Reality: no longer slow
There was a time when some appraisers gave VA loans a low priority. This was because they were being paid less for these loans than for other types of mortgages.
But then the VA increased its fees. Thus, appraisers now tend to prioritize all loans equally.
This may partly explain why the ratings have become perceived as low. Couldn’t you feel cranky and ungenerous if you were paid less than the going rate for your job?
VA MPR Rating (Minimum Ownership Requirements)
When your appraiser shows up, he or she will have a longer checklist than for non-VA loans. This is because the VA sets minimum standards for the homes that its borrowers buy.
The objective of these PRMs is to help veterans and military personnel avoid places that are dangerous, unliveable or dangerous to their health.
As long as your home is three S-compliant (safe, structurally sound, and sanitary), you should have few problems. And, if you have it prepared so that it is ready to move in, you will probably have even less.
Broken Myth: You’ll Have To Pay All Closing Costs If Your Buyer Has A VA Loan
You don’t have to pay anyone’s closing costs, whether or not your buyer has a VA loan. And the only exception to that is if that buyer has a VA loan and shows up at the negotiating table with their service M4 rifle.
Seriously, the type of mortgage loan shouldn’t have any impact on your negotiations. Both parties want the best possible deal.
Sources of the myth
Okay, maybe it’s true that those with VA loans are more likely to ask you to cover some or all of their closing costs. This happens for two main reasons:
- They may have limited financial resources – because they don’t have to make a down payment, they can buy cheaply. Indeed, some can buy without making direct payments
- The VA prohibits its candidates from paying certain closing costs (tax costs, courier / postage costs, application costs, etc.)

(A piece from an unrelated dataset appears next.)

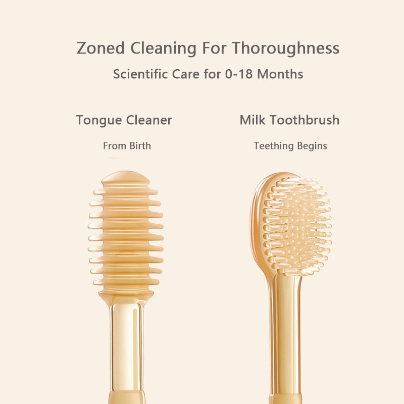 • Comprehensive Baby Toothbrush : Includes baby tongue cleaner and baby toothbrush, one-piece molding without risk of falling off. With a safety prompt line to prevent accidental injury to the baby’s mouth. Oral partition care is more thorough, creating a fresh oral environment. It is also conducive to the baby’s cultivation of good oral hygiene habits.

- AV allows sellers pay up to 4 percent of buyer’s costs if they choose to do so, for example, instead of lowering the price. But most programs To allow vendor concessions, and none of them require you have to pay these
It doesn’t matter whether you choose to pay the buyer’s fees or lower your price by the same amount in negotiations. but it might be easier for buyers to close the deal if you can cover some or all of their costs. And, if you live in one of those areas where sellers traditionally pay buyer’s closing costs, that’s not even a problem.
You do not to have do anything. So be creative. Just negotiate the best possible deal. And, if that’s not enough, walk away.
Some sellers are skeptical of a loan that sounds too good to be true – a 100% loan. But it is a deserved benefit for those who serve our country. In 2018, a skeptic wrote on a forum:
“A few days ago we received an offer on our house from a VA loan buyer. Not knowing much about these types of loans, the offer seemed… suspicious. We were offered $ 1,000 below asking price with a request for $ 10,000 in closing costs. We were told they would only put in $ 1,000.
“Okay, I read a lot about these loans and I don’t like what I read as a salesperson. One thing that is particularly concerning is the whole VA Approved Reviewer process and how often those reviews are low. We are not yet under contract. They have not yet responded to our last counter. They may not agree. But, if they do, I’m a little worried, although I have the greatest confidence in the house (we’ve done a lot of work there!). ”
It’s sad. Even though the saleswoman admitted that she didn’t have to pay closing costs or that she could negotiate around them, the woman who wrote this was suspicious. And she thinks her house will be undervalued despite having apparently prepared it to move in. She seemed suspicious of VA buyers.
In fact, VA buyers are less likely to default than other buyers, despite their low down payment. Many experts attribute this to military culture – a VA borrower is trained to follow through and do as promised. So maybe less likely to get flaky with a home purchase.
And, as Ellie Mae proves, VA loans are no worse (and maybe a little better) than any other.